You'll see a lot of amateurs up in the canyons. But at this spillway site, forget it. Gold has a specific gravity of 19, common rock like these photos is around 3. With all the churning here the gold will all be on the bottom, it always is. A few nuggets might be found in those exposed crevices (if you can get permission to get in there) but it wouldn't be economically rational to process all that waste material to extract gold.
When gold first shot up to $300/oz (1980?) our mining claim got overrun with yahoos, who even stole all our hidden camping gear. I think many were recently released ex-cons who had heard the wild legends. At the end of summer those guys were still starving, none had made wages.

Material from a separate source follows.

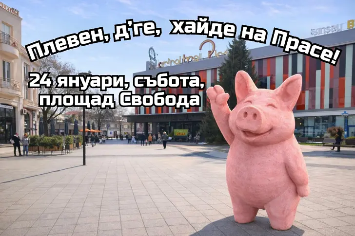 Скулптурата на прасето, която стана символ на най-големите протести в новата ни история напусна жълтите павета и тръгна на турне в страната. Любимецът на народа ще гостува в град Плевен, тази събота на 24.01.2026г. Прасето ще бъде инсталирано на площад „Свобода“ пред Централ Мол Плевен от 10:30 до 19:30 часа.

Each time there is a gullywasher winter a new crop of yahoos arrives, a few of them find gold, most just find a little color.
These nuggets were shown to me by someone we hadn't seen for years, the long-lost owner of a nearby claim who stumbled into our camp at dinnertime and subtly asked us 9 different ways where the upper boundary of our claim was. I'm pretty sure he found them within our claim and he didn't own the stretch of creek upstream from it where they might have been. He had extraordinary luck for a weekend's fooling around using a metal detector, I think on the gravel benches well above the creek level. I wish we could do this well.
I finally formally abandoned the claim when the BLM's annual fees went from under $50/year to over $500 and also Fish & Game outlawed use of an engine-powered suction dredge in the trout streams. That was the end of an era, I don't think any hobby mining is a reasonable thing to do now.